The nice thing about the instrumentation used by American Fuzzy Lop is that it allows us to do much more than just, well, fuzzing stuff. For example, for a while now, the fuzzer shipped with a standalone tool called afl-tmin, which allows you to take an interesting file and automatically shrink it - all while making sure that it still exercises the same functionality in the targeted binary (or triggers the same crash). Another tool, afl-cmin, pulls of the same trick for eliminating redundant files in large fuzzing corpora.
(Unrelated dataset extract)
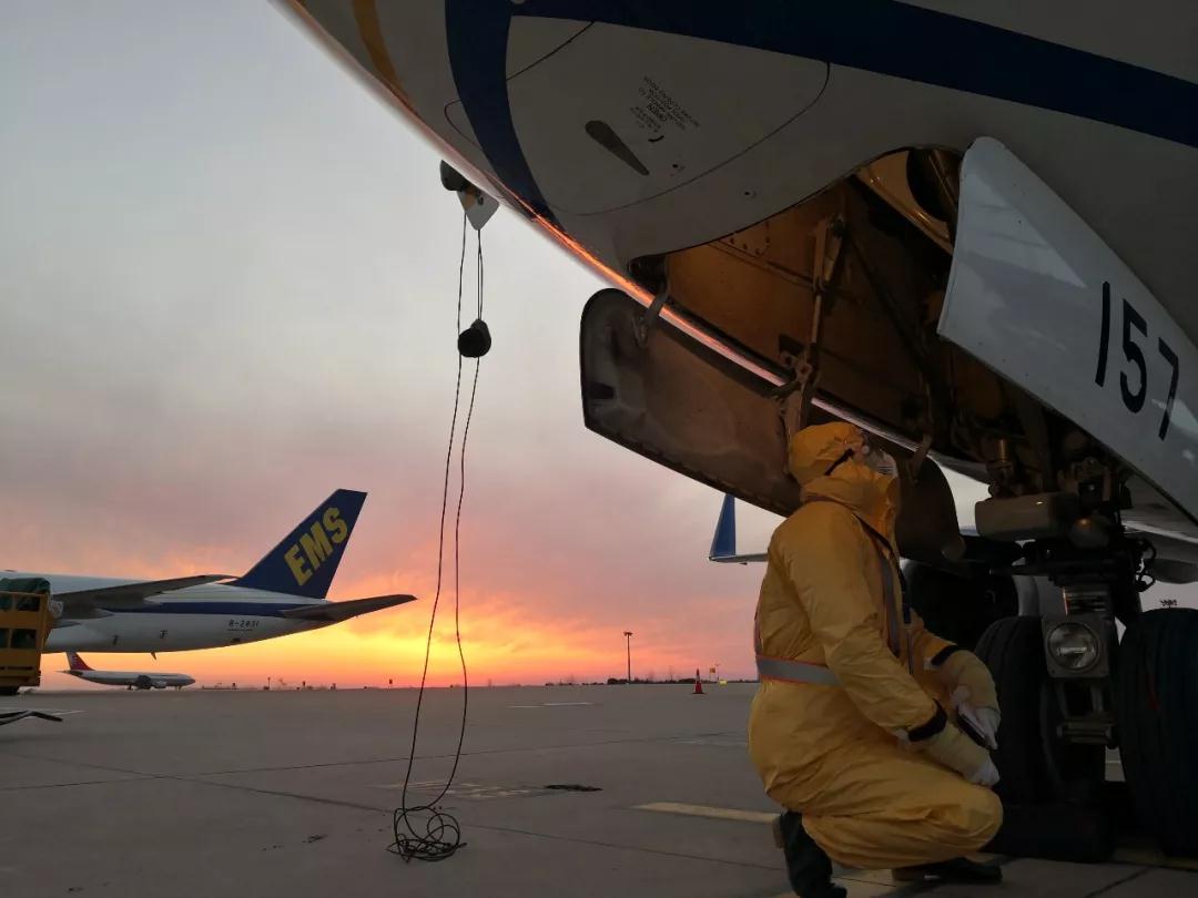 邮航武汉驻站机务对飞机进行过站检查

The latest release of AFL features another nifty new addition along these lines: afl-analyze. The tool takes an input file, sequentially flips bytes, and then gives you a human-readable report explaining the structure of the file, based on the observed changes to the execution path within the target binary. It can tell apart:
- No-op blocks, such as comments.
- Checksums, magic values, and atomically compared syntax tokens.
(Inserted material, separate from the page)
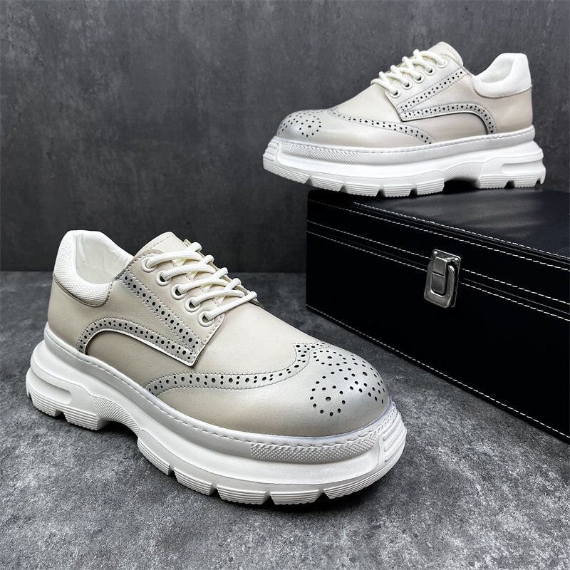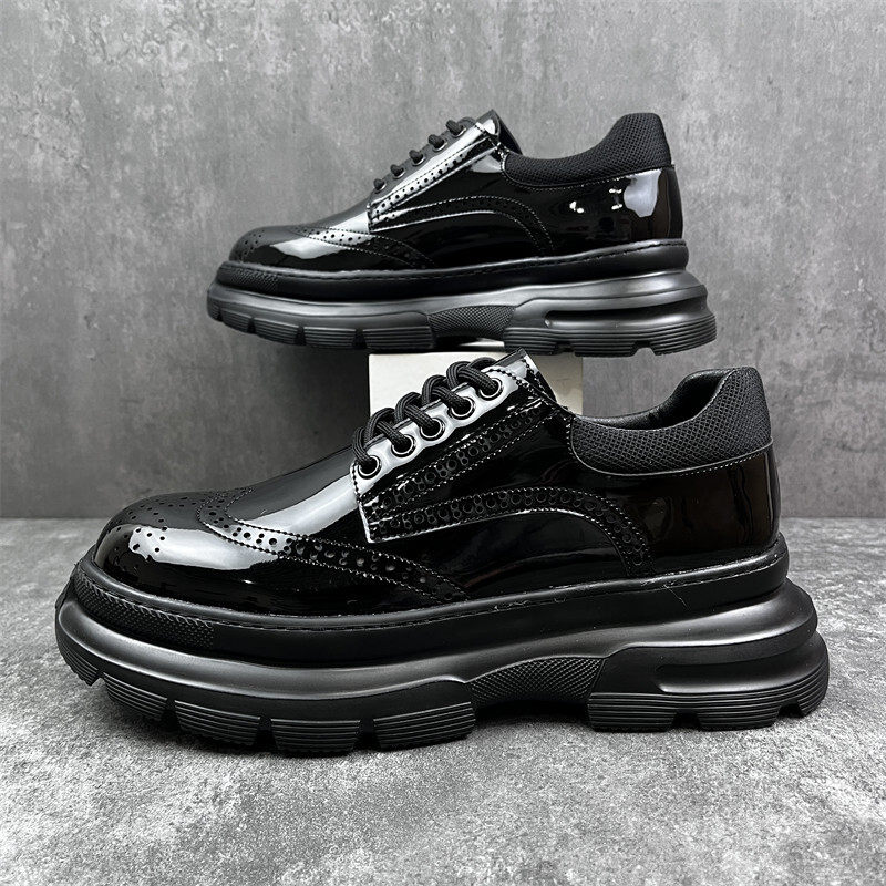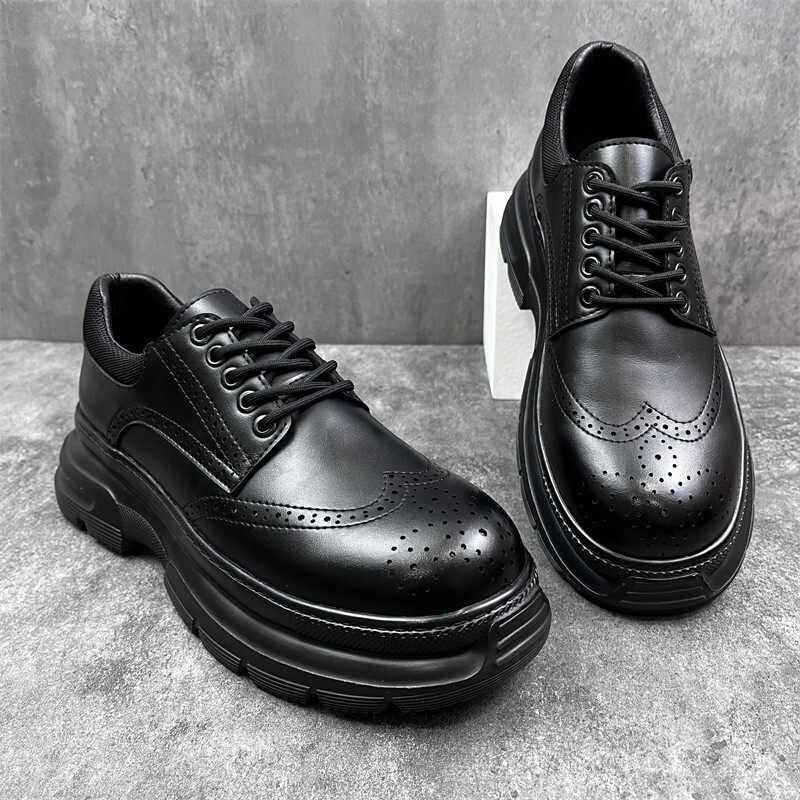 松糕底乐福鞋男秋季新款2025大头皮鞋商务布洛克雕花英伦休闲男鞋

- Blobs of checksummed or encrypted data.
- "Pure" data blocks with no encryption or checksum guards.
Here's a quick demo, showing afl-analyze figure out that when running cut -d ' ' -f1, only the spaces and newlines really matter in any way:
Interestingly, the fact that offset #19 is flagged as a "critical byte" it also tells us that cut always tokenizes the entire line, even if all we're asking is the first field.
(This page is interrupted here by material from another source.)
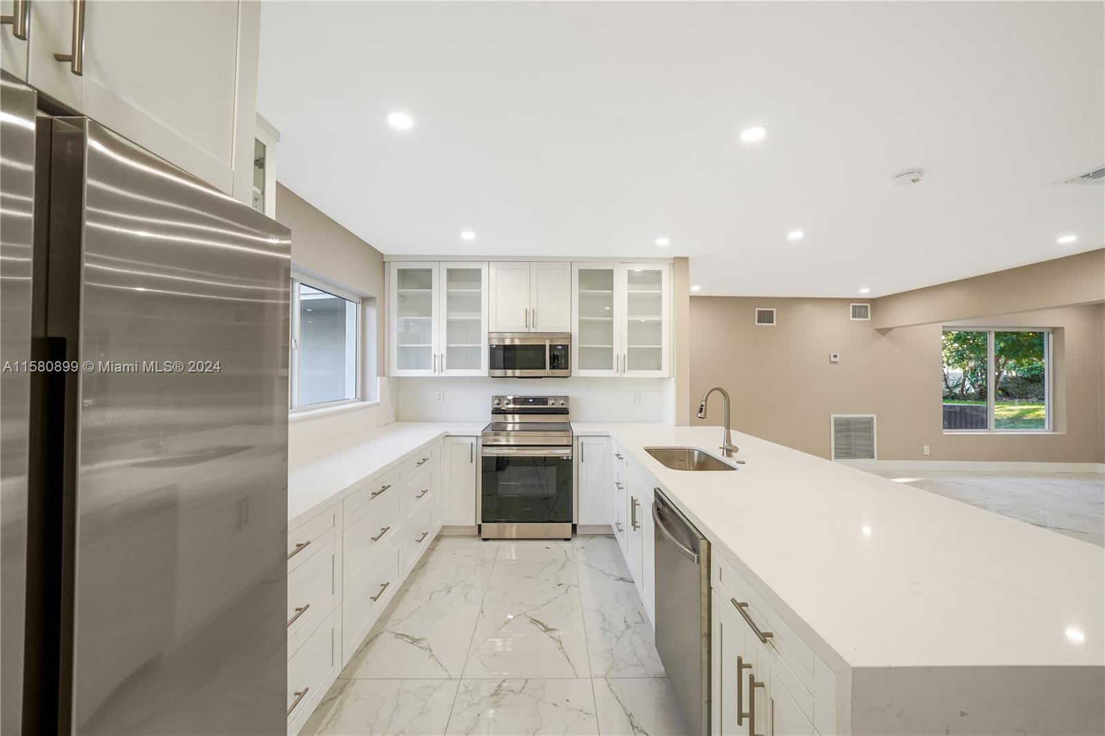 This lovely house was just renovated. LOT IS 18,912 SqFt. House is 2,116 SqFt, has 3 BR, 2Bath, a sizable office/den that may also be used as a fourth bedroom. One step out to the backyard and you will be welcomed by the majestic trees providing shade as well as a large patio, resort-style pool fruit trees, and a shed. New ceramic floors, new 2 A/C, washer & dryer and appliances. NO HOA. ONLY 10 minutes to the beach, dining, shopping, highways, Fort Lauderdale Airport (FLL), and Port Everglades. Step away from preschool and only 5 minutes driving from the Pine school. Huge parking lot. Bring your RV, boats and trailers and enjoy the prefect property for the Florida Lifestyle.

Of course, the program is better-suited for incomprehensible binary formats than for simple text utilities; it can also work with black-box binaries, thanks to the QEMU integration supported in AFL for a longer while. Anyway, let's try libpng instead:
This checks out: we have two four-byte signatures, followed by chunk length, four-byte chunk name, and chunk length. Neat, right? Now, be warned that it shipped just moments ago and is still a bit experimental - field testing and feedback welcome!
(The approach can be likely refined by looking at how much the execution path changes in response to input tweaks. I'm also a bit tempted to get rid of the verbose output and let the tool just generate a color-coded hex dump, based on Hamming distance to the original exec map.)